Directly relevant secondary materials include surveys of peace concepts and movements, studies of key thinkers from the early church through the twentieth century, monographs on special aspects and individuals, specialized scholarly articles and more general encyclopedia articles, specialized philological dictionaries, and — especially for the twentieth century — articles from magazines, newspapers, and newsletters on the activities of individual peacemakers, groups and movements. In all areas published books, articles, and available dissertations are included. Unpublished papers and archives will be listed if and when links to their online versions become available.
The materials assembled here cover the literature, both secondary and primary, in English, French, German, Italian, Spanish, Portuguese, and Latin. I have aimed to be as comprehensive as possible when dealing specifically with the Christian peace tradition as discussed above, but have been more selective with historical background materials, with the tangential literature on the just war, and with the most recent periodical literature of current events.
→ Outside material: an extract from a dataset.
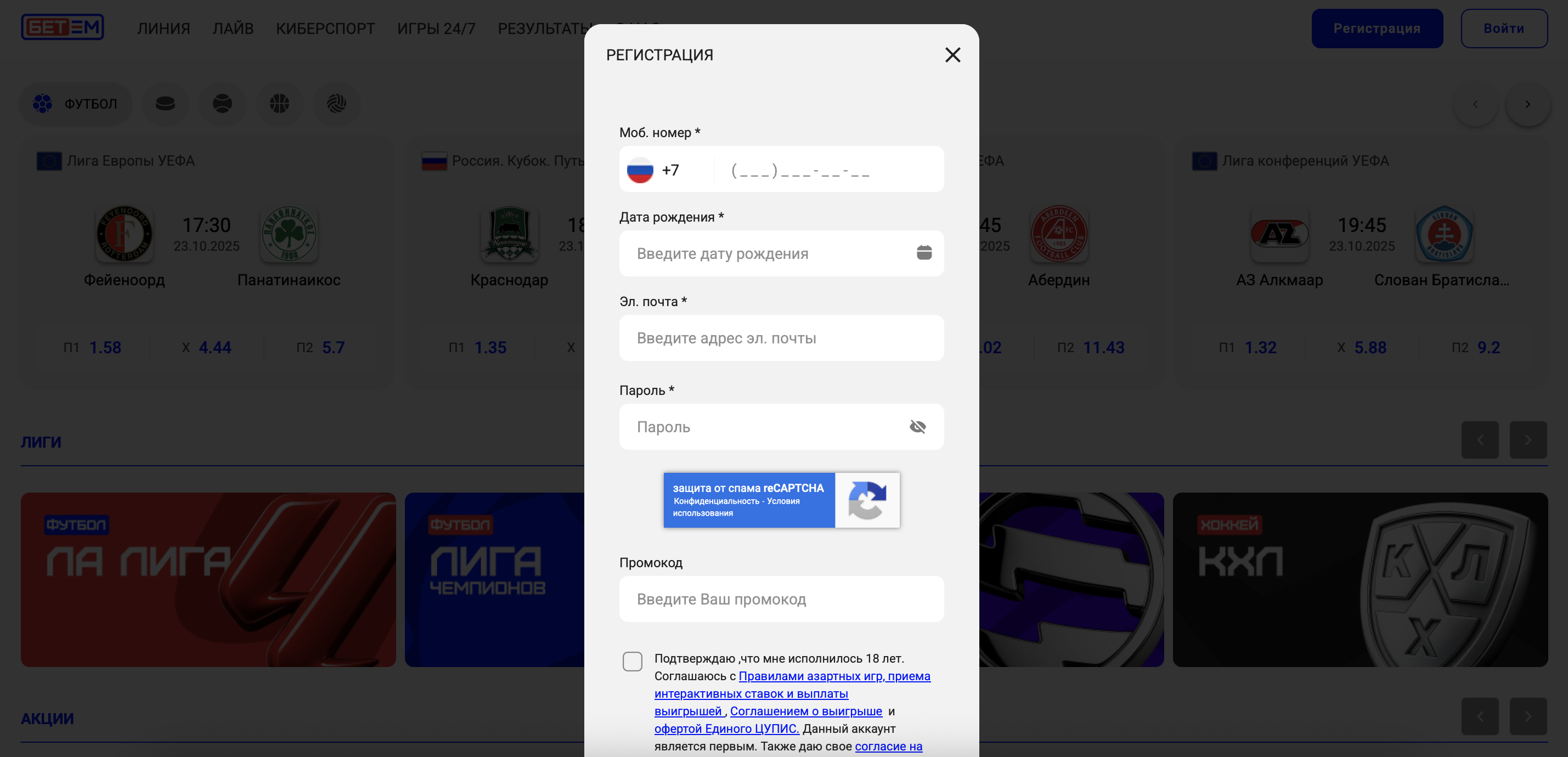 Букмекерская компания «Бет-М» ведет свою деятельность на территории РФ легально и работает в доменной зоне «ru». У нее есть несколько стандартных правил регистрации, которые используются в других легальных БК:

When comprehensive bibliographies on particular topics already exist, as for example on Thomas Merton, Dorothy Day or the Berrigans, I have generally cited only these but have also included those materials, whether listed in these bibliographies or not, that I have found particularly worthy of mention.
The Entries
This bibliography originally included materials up to November 1986. In many cases studies that were written in the nineteenth century or in the first two decades of this century and incorporated into later research have not been included, since their findings or their usefulness as research resources have been superseded. The entries themselves are arranged by chronological topic, and then alphabetically by author or by title where there is no author. All entries are numbered consecutively, and cross references are by number entry. Entries that occur in more than one section or chapter generally contain a shortened author and title entry, along with a cross reference to the original citation.
The number and division of chapters in this book has been devised to follow as closely as possible the sequence in my narrative account, The Catholic Peace Tradition. This is so the user of the bibliography can have an easy frame of reference to this narrative history, and that the reader of the narrative can easily assemble the research materials used for any particular topic or period. Only one chapter in this book, “Introductory,” does not follow this pattern. This chapter, instead, contains materials that are of a general use for the study of peace, or materials that occur in more than one chapter and for which an initial reference here, without annotation, has proven more convenient for use and later citation. The length of my comments varies, of course, with the importance or difficulty of the interpretation of the material. In occasional entries I have also included personal comments on the importance of the materials or taken issue with interpretations. In some cases I have listed materials that I have not seen, but I have so noted all these instances. In cases of subsequent editions of works cited, I have found it sufficient simply to note this in the main entry.